2 Jul | By Biophotonics.World
By Laser Beam into the Window to the Brain
Demonstrator at the Medical University of Vienna.
Image source: Med. Uni Wien
By: Ewald Unger

A team from Leibniz IPHT shows for the first time how Raman measurements in the eye are possible. Research partners in Vienna are now building a device that will be able to detect Alzheimer's disease

The "laser" sign above Clara Stiebing's lab is lit up red. Only to be entered with protective goggles, it means. It doesn't mean a laser beam will hit your eye. Meanwhile, inside, Clara Stiebing is experimenting with exactly that: What happens if she aims a laser at a human eye? To be more precise, what must this beam be like so that it does not harm the eye, but helps to make visible signs of diseases that cannot be detected otherwise? 

"We use the laser light to obtain comprehensive information about the biochemical composition of the retina," explains Clara Stiebing, who has been working as a postdoctoral fellow at the Leibniz IPHT for three years. „These are important, for example, for the early detection of age-related macular degeneration." The disease, which shows hardly any symptoms in its initial stage, is the most common cause of severe visual impairment or even blindness. In most cases this could be avoided if the changes in the macula were detected as early as possible. 

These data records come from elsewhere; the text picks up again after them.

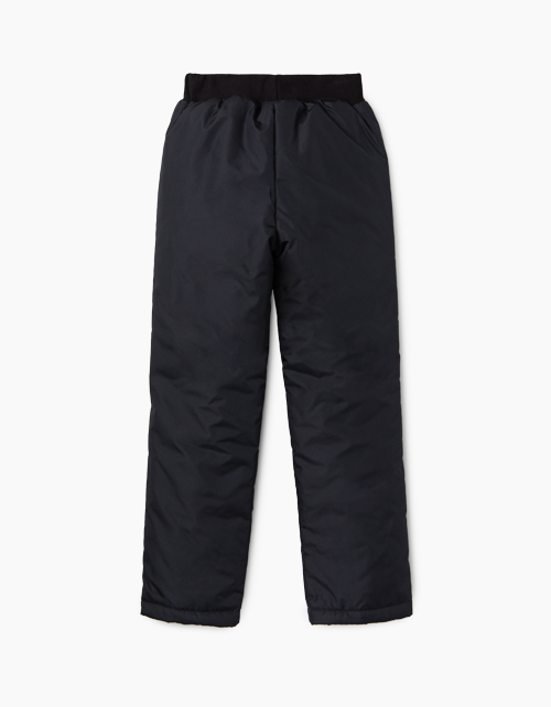 Теплые брюки для девочки. Прямого силуэта, на эластичной трикотажной резинке. Выполнены из плащевой ткани черного цвета с водоотталкивающими свойствами. Утеплены синтепоном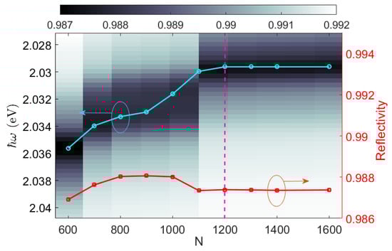 Calculations were performed by means of a freely available implementation of the Rigorous Coupled Wave Analysis (RCWA) RETICOLO [52,53]. The RCWA supercell includes the spacer surrounded by 180 DBR periods on each side. The periodic corrugation has an associated Bragg grating vector oriented along the x-axis, i.e., The conical mounting configuration is considered so that the incoming radiation can be made incident onto the bottom interface of the multilayer at an incident angle with respect to the normal (z-axis) and at an angle with respect to the x-axis. At , the incident light is parallel to the and diffracted accordingly. Illumination is always provided from the glass substrate to reach momentum values beyond the light line in air, as required for BSW coupling. RCWA is a Fourier-based method involving a Rayleigh expansion of the diffracted field as well as a Fourier decomposition of the structure harmonics. For this reason, it is crucial to define the proper number of Fourier terms to be retained in the calculation. The case of the spacer surrounded by DBRs is addressed using N = 1200 Fourier terms. In the convergence plot in Figure 2, the spectral position of the BSW cavity mode and the corresponding reflectivity are shown as a function of the number of Fourier terms considered. Such a supercell contains a number of DBR periods large enough to avoid significant cross-talk effects between adjacent supercells occurring in the momentum–energy region wherein the cavity mode is located. Instead, the simpler case of a purely periodic corrugation (i.e., no spacer) is modeled as an elementary cell containing a single DBR period and N = 60 Fourier terms for assuring reliable results.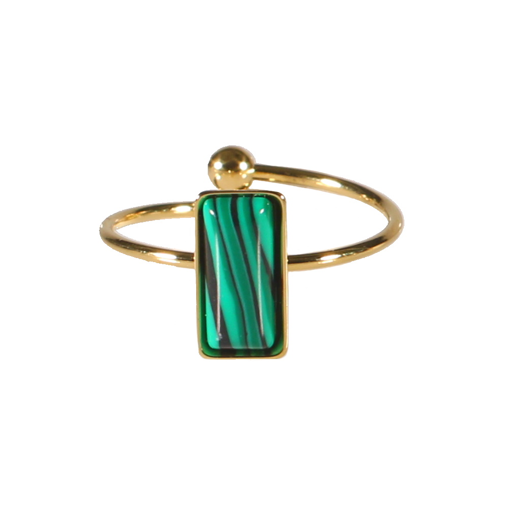 Bague en acier doré surmontée d'une véritable pierre de malachite sertie clos de forme rectangulaire.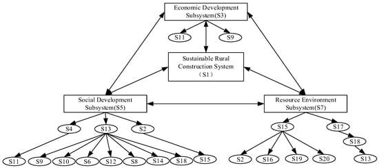 The system of influencing factors for sustainable rural development is a complex system structure. The influencing factors are identified and categorized as the components of the system, where S1 is the target element of the system (Table 1). This establishes the set of elements of the system of influencing factors.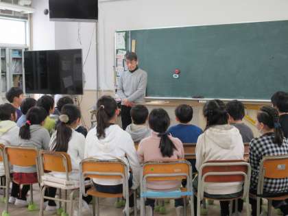 いつもお世話になっているパンジーお話会の皆様に読み聞かせを行っていただきました。地獄の閻魔様の前に連れて行かれる3悪人の話や、白楽天の話をとてもリアルに聞かせていただきました。このような活動を通して児童の感性や創造力を育んでいきたいと思います。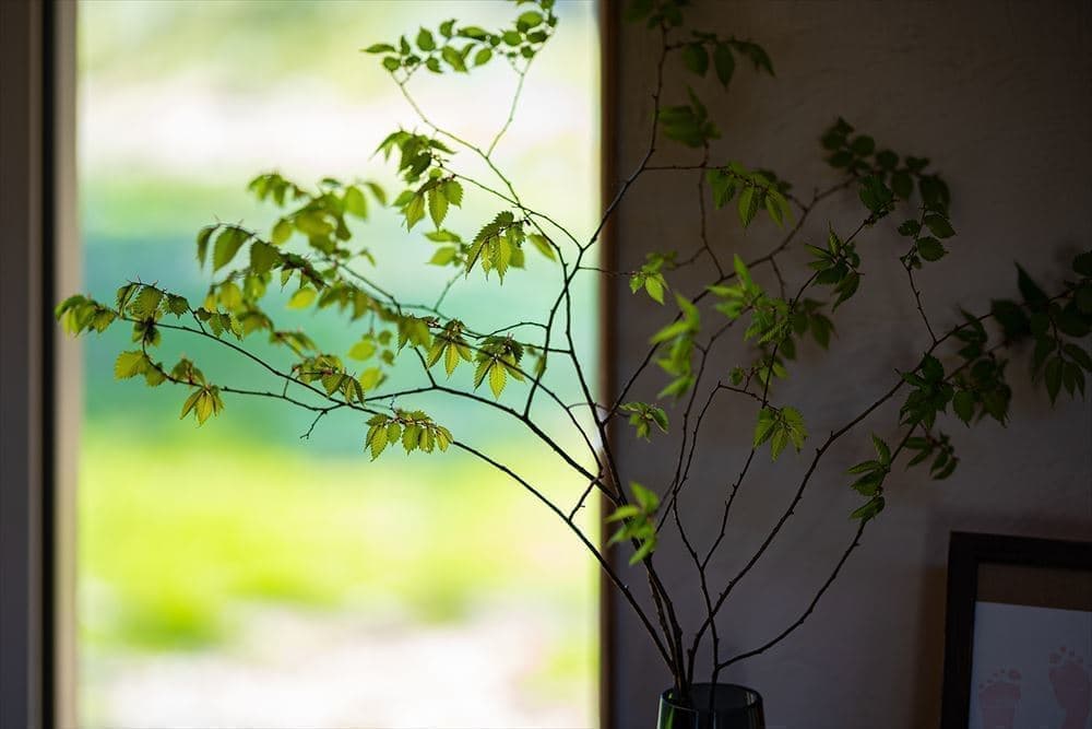 リビングの掃き出し窓の横にはちょっとした作業ができるデスクが造作されていますが、そこはアロマポットやグリーンが置かれた癒やしコーナー。明るい⻩緑⾊の若葉をつけた枝がガラスのフラワーベースに飾られていますが、これは庭のケヤキの枝を切って挿したものなのだそう。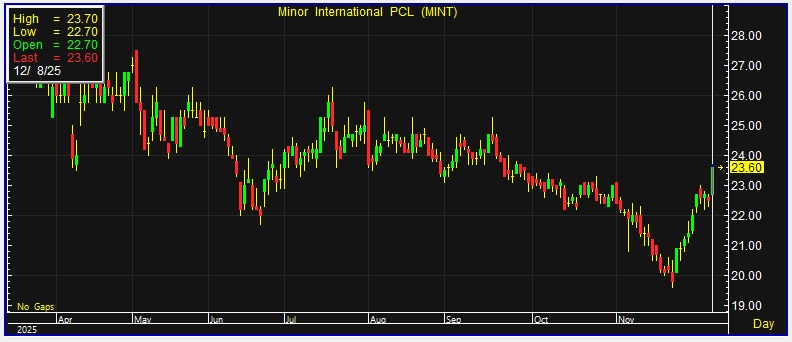 ผู้สื่อข่าวรายงานว่า วัน (8 ธ.ค.68) ราคาหุ้นบริษัท ไมเนอร์ อินเตอร์เนชั่นแนล จํากัด (มหาชน) หรือ MINT ณ เวลา 11:34 น. อยู่ที่ระดับ 23.60 บาท บวก 1.10 บาท หรือ 4.89% ราคาสูงสุด 23.80 บาท ราคาต่ำสุด 22.70 บาท ด้วยมูลค่าซื้อขาย 400.28 ล้านบาท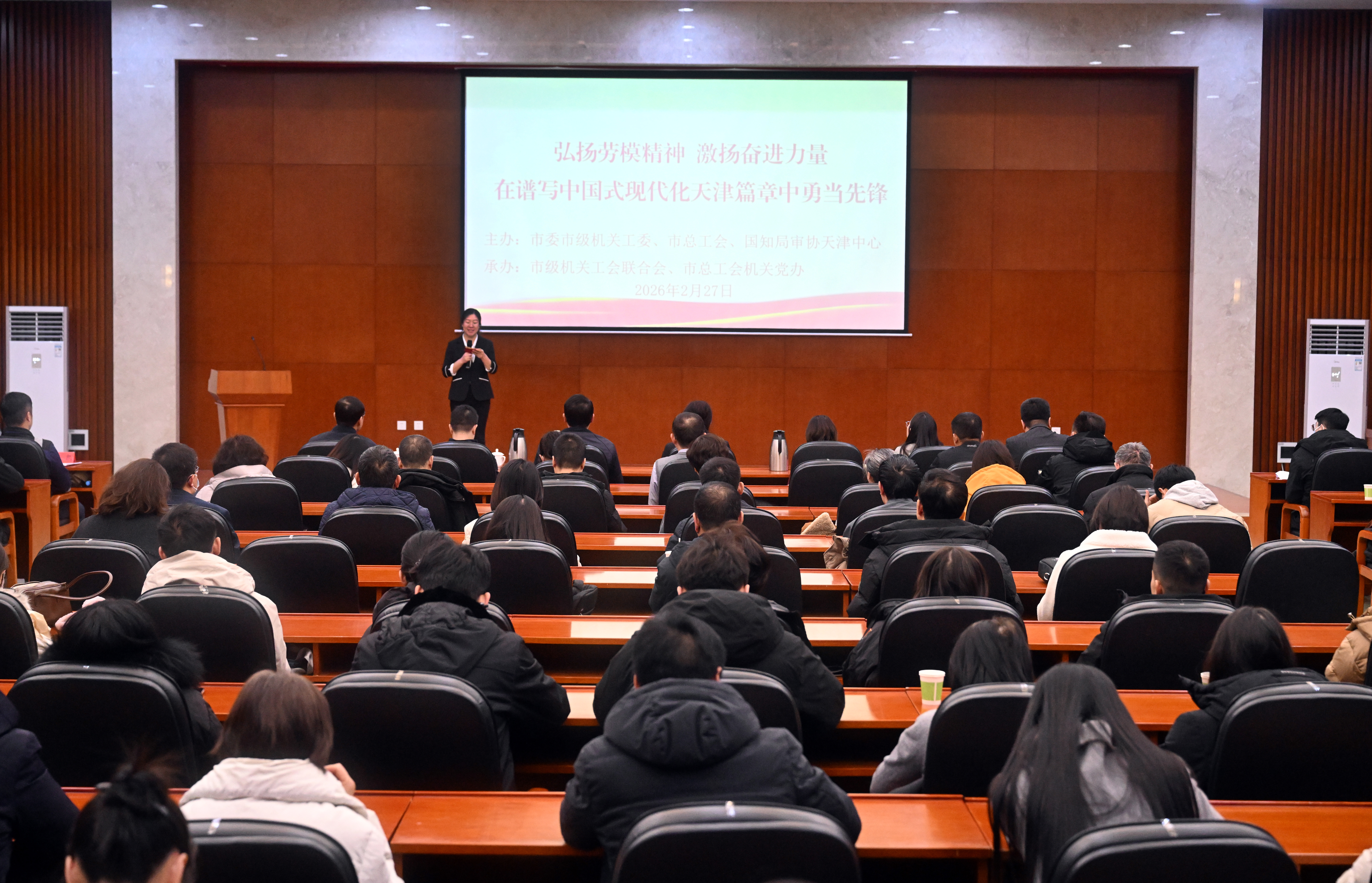 近日,“弘扬劳模精神 激扬奋进力量——在谱写中国式现代化天津篇章中勇当先锋”主题宣讲活动在市总工会举行,市级机关党员干部职工代表约170人参加。审协天津中心作为主办单位之一,全程参与并支持本次宣讲活动。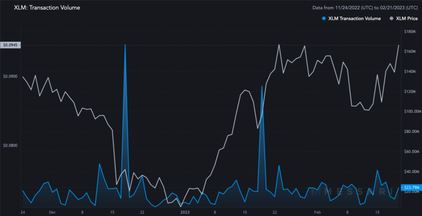 Sementara itu, volume transaksinya selama periode 3 bulan sama sekali tidak mendekati jumlah alamat aktif yang meningkat. Sebaliknya, grafiknya relatif mengecewakan, kecuali beberapa puncak pada Desember 2022 dan Januari 2023. Namun, puncak tersebut memang memainkan peran penting dalam memulai tren naik. Oleh karena itu, jika terjadi peningkatan aktivitas transaksi pada Stellar, kamu mungkin bisa mengharapkan kenaikan harga yang berkelanjutan.

Clara Stiebing is part of a team from Leibniz IPHT and the Friedrich Schiller University Jena, working together with the Medical University of Vienna, the Netherlands Organisation for Applied Scientific Research in Leiden and Radborg University in Nijmegen to research the technology that this improved diagnostics will be able to provide in the future. The researchers combine two optical methods to deliver high-resolution, non-invasive images from the eye: Raman spectroscopy and optical coherence tomography. 

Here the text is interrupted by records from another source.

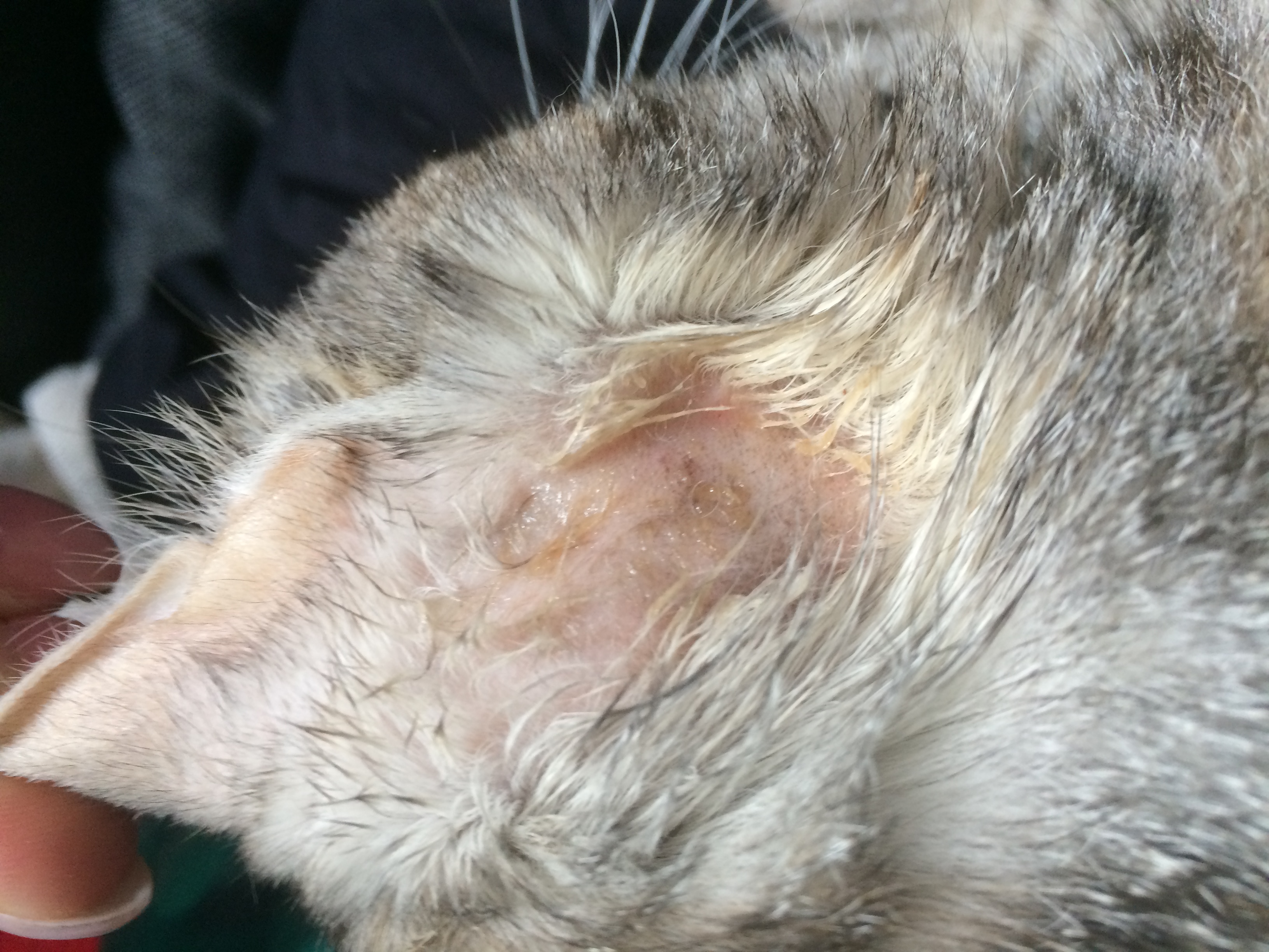 Dobrý den, mám doma 2 roky starou kočku domácí, která s námi žije od malinka v baráku. Před 10 dny jsem na ní začala pozorovat časté škrábání za pravým uchem a pod krkem. Když se škrábání projevovalo častěji (několikrát denně) navštívila jsem veterináře. Po konzultaci mi bylo řečeno, že by to mohla být plíseň a dal jí jehlu pod kůži (netuším co to bylo v očkovacím průkaze není záznam). Předepsal i mast Vetramil, která je jen jak jsem si přečetla v příbalovém letáku na zahojení kůže. Po 14 dnech máme jít znovu na jehlu a vše mělo být v pořádku. Domnívám se, že léčba či kožní problém mohl být zvolen špatně - kočka se stále škrábe ikdyž už jen za uchem asi 2x denně - nejvíce ráno po probuzení. Lysina za uchem se jí ale stále zvětšuje. Dozvěděla jsem se také, že plíseň je přenosná i na lidi, jsem v 5 měsíci těhotenství a tak mě to trochu děsí. Chtěla bych se zeptat zda by druhé očkování mohlo již pomoci a nebo by se mohlo jednat o jinou nemoc? V příloze zasílám foto. Rány jsou již natřené mastí. Předem děkuji za pomoc K.Peňázová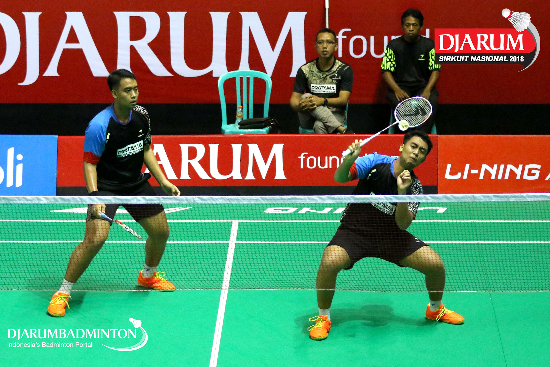 Alfa Rizki Fadlika/Andre Timotius Tololiu (Jaya Raya Jakarta, Jakpus) menyambut shuttlecock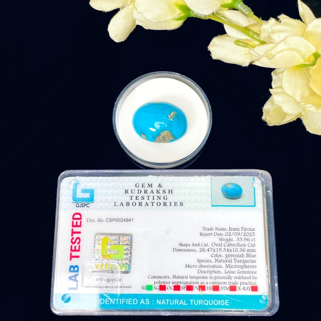 Natural original polished turquoise from Iran. Irani turquoise is popular for its powerful healing properties. Turquoise is a lucky stone, a healing stone, a protection stone, all rolled into one, and is one of the oldest crystals discovered. A powerful stone for healers as well as for those being healed. It aids communication and enhances psychic abilities. Meditating with a turquoise stone can help communicate with beings from higher dimensions. The vibrations of turquoise work well with the throat chakra as well as the higher heart or the upper heart which deals with forgiveness, divine love, and compassion.

The idea with which the researchers from Jena started the joint project is to obtain a molecular fingerprint of the retina using Raman spectroscopy. To do this, the back of the eye is irradiated with laser light, which stimulates the molecules of the retina to oscillate. The scattered light shows characteristic patterns which decipher the chemical structure of the retina – without touching the eye or using special markers. From the content of lipids, proteins, carotenoids, and nucleic ac- ids, physicians can then derive important health information. Measuring at the eye with a laser is a great challenge: Eyes are sensitive, aiming a laser at this organ can be dangerous. "A laser with too much power could cause burns on the retina and, in the worst case, lead to blindness or clouding of the lens," explains Clara Stiebing. Moreover, the conditions in the eye are not ideal for optical measurements. Using international safety standards, the researchers calculated how strong their laser beam should be at a wavelength of 785 nm. The result: one milliwatt - twenty times weaker than lasers that they normally use for their spectroscopic measurements. "We were skeptical whether this would work," admits Clara Stiebing. 

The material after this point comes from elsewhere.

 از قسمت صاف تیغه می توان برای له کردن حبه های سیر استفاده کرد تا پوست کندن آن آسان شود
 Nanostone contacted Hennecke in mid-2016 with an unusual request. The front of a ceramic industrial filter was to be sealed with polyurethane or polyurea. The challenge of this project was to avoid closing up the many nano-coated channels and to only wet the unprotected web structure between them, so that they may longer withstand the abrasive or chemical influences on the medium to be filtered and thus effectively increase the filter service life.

It worked very well: Raman measurements on human retinal sam- ples provided significant spectra that allow precise conclusions about the condition of the retina. "This was a great pleasure for us," reports Rainer Leitgeb from the Medical University
of Vienna, who coordinates the European research project MOON (Multimodal Optical Diagnostics for Age-related Diseases of the Eye and Central Nervous System). According to Leitgeb, these promising results have decisively advanced the project. 

To prove for the first time that Raman measurements in the human eye with a wavelength of 785 nm are theoretically possible, the researchers constructed a setup in the Jena laboratory that simulates the optical conditions of the eye. It simulates the conditions under which light is excited and collected in the eye. 

Based on these results, the team of scientists at the Medical University in Vienna is developing a device that will enable fast and contact-free diagnosis via eye scan in the future: "We scan the eye with light and measure the light that comes back from the eye. And this returning light contains all the information I need for diagnostics," explains Rainer Leitgeb. "Optical coherence tomography very quickly maps the morphology of the fundus of the eye. This enables us to identify suspicious areas, which can then be analysed more precisely on a molecular level, i. e. chemically, using Raman spectroscopy. 

The researchers hope to use the device to carry out initial measurements on humans. Rainer Leitgeb is convinced that this will enable doctors to not only identify eye dis- eases, but also signs of deterioration in the brain. "It is always said that the eye is the window to the brain. The eye itself is nerve tissue that is directly connected to the brain. This means that all changes, all diseases affecting the central nervous system can also be seen in the retina." 

So neurological diseases like Alzheimer's could leave their mark on the retina. Nowadays, the typical protein deposits in the brain of Alzheimer's patients can only be detected after their death. With the help of the Raman scan one could make them visible in the back of the eye earlier. 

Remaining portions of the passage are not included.